I have a dataframe like this (simplified):
| | amount | other_amt | rule_id |
|---:|:--------|:----------|---------:|
| 0 | 2 | 0 | 101 |
| 1 | 20 | 0.5 | 102 |
| 2 | 300 | 0 | 0 |
| 3 | 50 | 1 | 101 |
I then have a set of functions that apply each of these rules to the data, such as:
def rule_101(df):
return df['amount'] / 2
def rule_102(df):
return df['other_amt']
I want to create a new column where I apply each rule_xxx(df)
function, depending on what's in the rule_id
column. And I use the content of the rule_id
column to call the function within the command that creates the new column. Something like
df['new_col'] = np.where(df['rule_id'] == '0',
df['amount']),
locals()[f'rule_{df.rule_id}'](df))
This bit f'rule_{df.rule_id}'
is what's causing me trouble. It returns the full series and thus an error, like
KeyError: 'rule_0 0\n1 0\n2 0\n3 0\n4 0\n ..\n495 0\n496 0\n497 0\n498 0\n499 0\nName: rule_id, Length: 500, dtype: object'
How can I "align" these two inputs? So that the value in rule_id
for each row gets inserted in the f-string, thus calling the function for that specific rule_id on that specific row?

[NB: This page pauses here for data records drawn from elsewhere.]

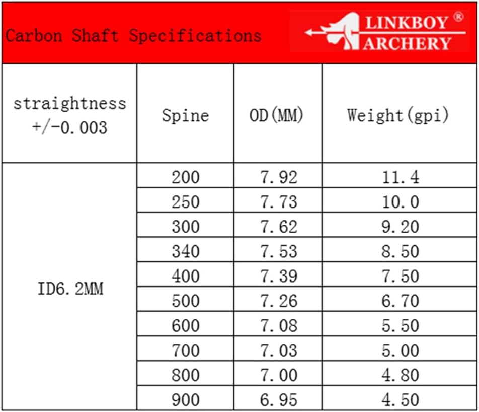 - Straightness: +/- .003",ID6.2mm,more spine for you choose.Shaft made from high quality pure carbon
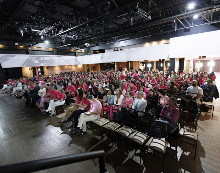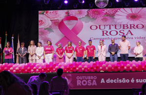 O evento de abertura reuniu centenas de participantes, muitas vestidas de rosa, simbolizando o engajamento coletivo na luta contra o câncer de mama e do colo do útero.
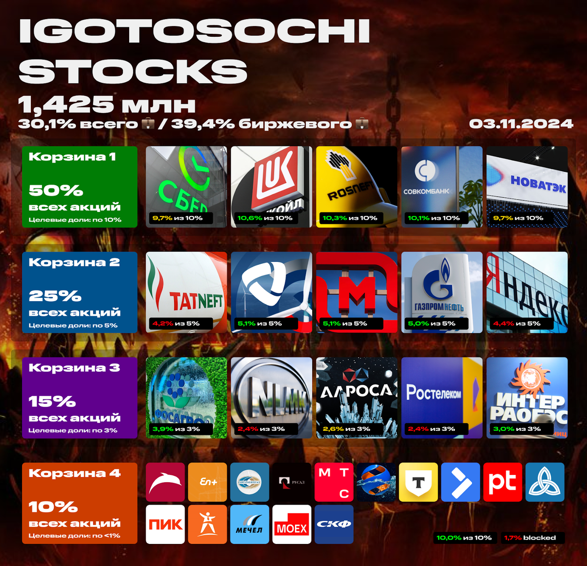 Жёстко октябрь проехался по фондовому рынку, а я продолжаю покупать акции в свой портфель. Посмотрел, как идут успехи с приведением его к целевым значениям. Пока ещё портфель находится на стадии формирования, но картина вырисовывается с каждым разом всё отчётливее. Его размер составляет ровно 1,425 млн рублей. Предыдущий срез был 20 октября. Акции занимают 30,1% от всего портфеля (актуальный отчёт от 1 ноября). Если взять только биржевой (без депозитов), это 39,4%. Целевая доля акций в биржевом портфеле 40%. Целевые значения могут быть достигнуты при размере портфеля акций в 1,5–1,6 млн — уже почти. Потратил на акции около 95 тысяч рублей. Все покупки второй половины октября тут. Кроме акций я покупаю облигации и паи фондов. По плану у меня была покупка акций, которые сильнее отставали от целевых долей: Совкомбанк, Роснефть, Газпром нефть, Магнит и Северсталь. Собственно, их и покупал, на другие покупки бюджета уже не хватило. Все они перешли в зелёную зону. Новая ключевая ставка сильн
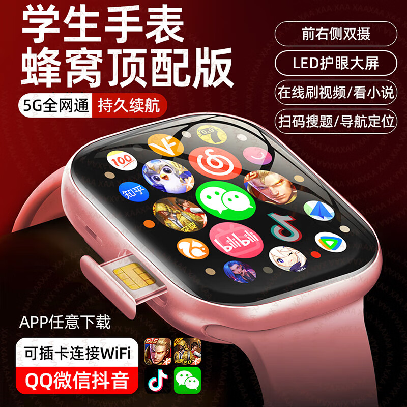 XAA华强北顶配S10Ultra蜂窝版5G全网通插卡智能电话手表微信聊天GPS定位学生初高中生青少年6-18岁 插卡粉【双摄像头】+任意下载+微信QQ抖音 5G全网通+超薄机身+手机级芯片丝滑流畅
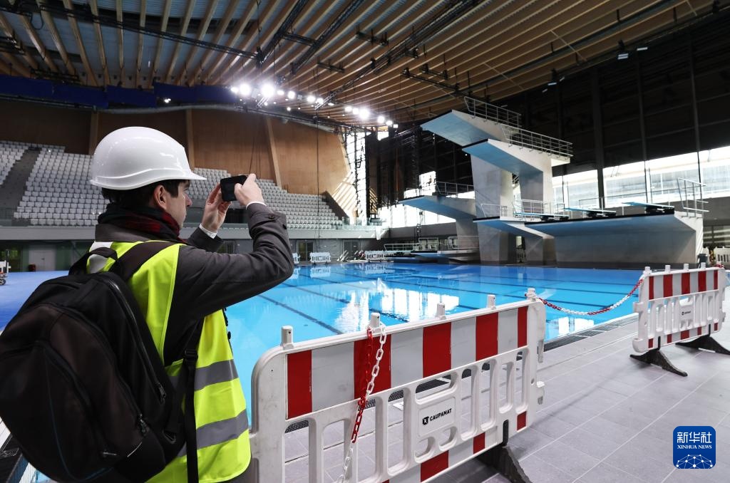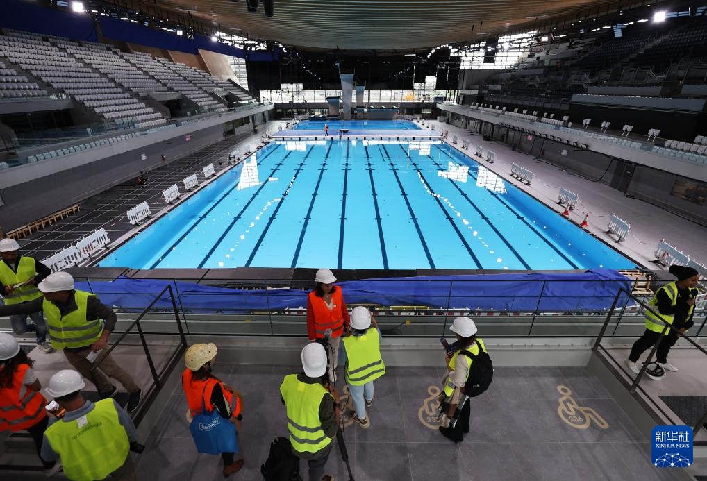 6月5日,媒体记者在巴黎奥林匹克水上运动中心采访。新华社记者 高静 摄

Other approaches are also welcome of course, as long as I'm able to apply the function corresponding to the rule_id in each row. Thanks a lot
CodePudding user response:
You can use a dictionary to look up the rules:
def rule_101(df):
return df['amount'] / 2
def rule_102(df):
return df['other_amt']
ruleset = {
0: lambda k: 0,
101: rule_101,
102: rule_102
}
def rules(row):
return ruleset[row['rule_id']](row)
df['new_col'] = df.apply(rules, axis=1)